NEW YORK—Voting unanimously, Community Board 2 rejected New York University’s plan to expand its campus in Greenwich Village on Thursday night, in the first of four votes on the proposal.
The expansion, part of a citywide expansion plan named NYU 2031: NYU in NYC, would construct four new buildings on two superblocks, in a rectangle between West 3rd Street, LaGuardia Place, West Houston Street, and Mercer Street.
It has met with fierce opposition by community members and organizations. Hundreds of people attended the first community board meeting about the proposal.
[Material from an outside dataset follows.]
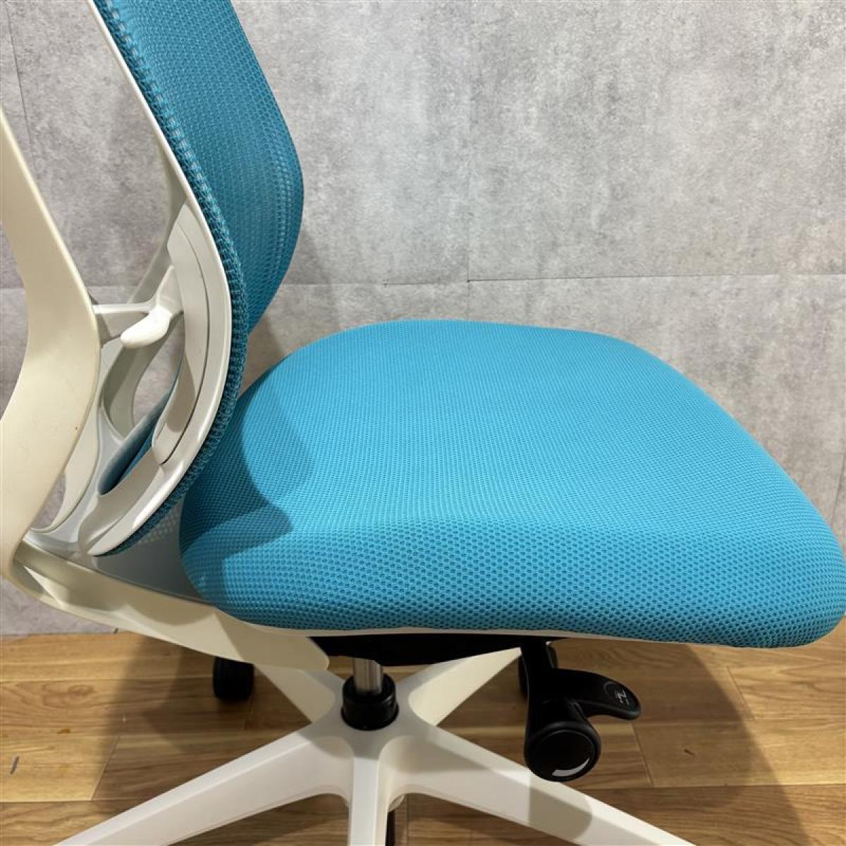 【西】~快適とデザインを両立~【訳アリ】【オカムラ】【シルフィー】【ライトブルー】【前傾姿勢】【フレーム・脚ホワイト】【チェア】【椅子】【イス】【事務椅子】【格安】【安い】【メーカー】【レイアウト変更】【模様替え】【福岡オフィス家具】【福岡中古家具】【中古チェア】【中古椅子】

After listening to NYU and its plan designers explain proposed zoning changes, dozens of people, including NYU faculty, stood in line and derided the plan in two-minute voicings.
Concerns range from making the historic area a “20-year construction zone,” bending zoning requirements, and bringing more college students into the area.
“The university is looking to add a two-and-a-half-million-square-foot space to the blocks south of Washington Square, which is the equivalent to the empire state building,” said Andrew Berman, executive director of Greenwich Village Society for Historic Preservation, on Thursday. “This was all once publicly owned land that was given to NYU with certain conditions attached to it, and now the university is seeking to throw all of those conditions out the window.”
Lynn Browne, senior vice president for University Relations and Public Affairs for NYU, said at a recent real estate event that the NYU 2031 expansion plan gives “us … our communities and neighbors a blueprint” for the next several decades. Some aspects, though, especially the Greenwich Village portion, “are [still] controversial.”
Browne said the university has targeted other areas for future growth in the plan, such as downtown Brooklyn and between 23rd Street and 42nd Street on the East Side.
The seven-month Uniform Land Use Review, triggered by multiple requests made by the university—such as having the city sell land to them and amending the zoning map—continues with an upcoming advisory review issued by Manhattan Borough President Scott Stringer within 30 days. After that, the City Planning Commission and, subsequently, the City Council, will review the plan. A majority City Council vote would approve the proposal, though the mayor could veto an approval within 5 days. In that case, the City Council could overturn the mayor’s veto with a two-thirds vote.